Exercise: Since I still don’t really love to exercise, part of me was relishing the down time while I was away. However, I also know that my body needs to move in order for things to stay – ahem –  regular. Thus, four days off was plenty and I needed to get back on the horse. Fortunately, my new treadmill was scheduled for delivery the day after I returned (my 14-year-old treadmill had recently called it quits, thus also contributing to my decreased activity). I have to admit that I was actually excited to get back into my morning walk routine. I didn’t realize how much I missed it and I forgot how good it feels to start my day off with a little bit of gentle movement. I also taught my regular Nia class mid-week and it felt awesome to dance again.
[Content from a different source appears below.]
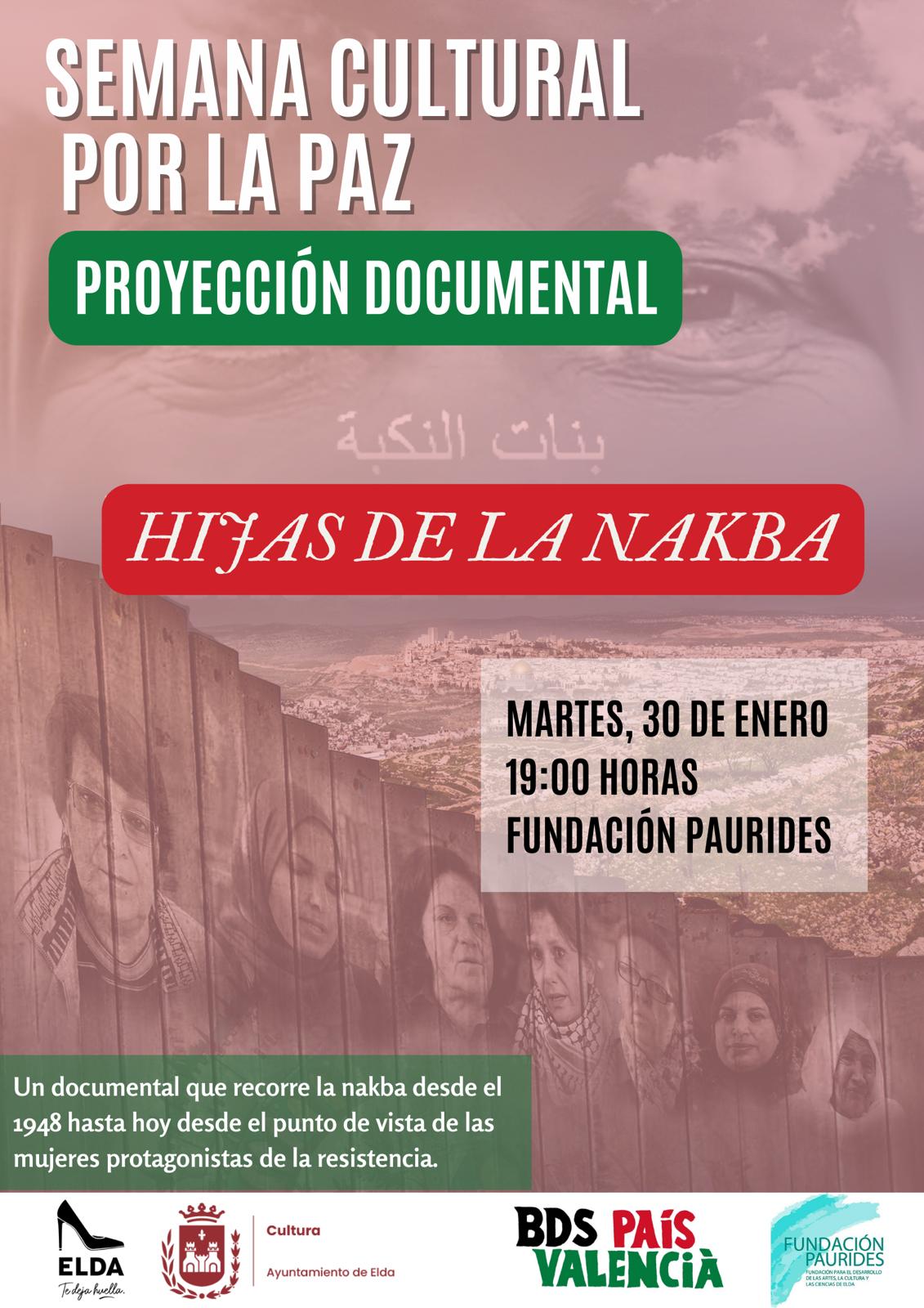 La Concejalía de Cultura del Ayuntamiento de Elda, dentro de la programación organizada dentro de la Semana Cultural por la Paz, ofrecerá el próximo martes a las 19.00 horas en la Fundación Paurides la proyección del documental de la directora Estela Falastín ‘Hijas de la Nakba’, coincidiendo con el Día Internacional de la Paz y la No Violencia.

I am happy to say that I am already feeling back to normal in less than a week’s time. I credit my speedy “recovery” to my solid health habits. In the past, it would normally take longer to get back in the groove, especially when it came to exercise. Taking a few days off would often turn into a much longer hiatus. Fortunately, I have learned from past experience that I feel better when I choose to live a healthy lifestyle. It’s not easy being so disciplined all the time, but these occasional blips – when I stray from the path and have to get back on course – remind me that it is worth it.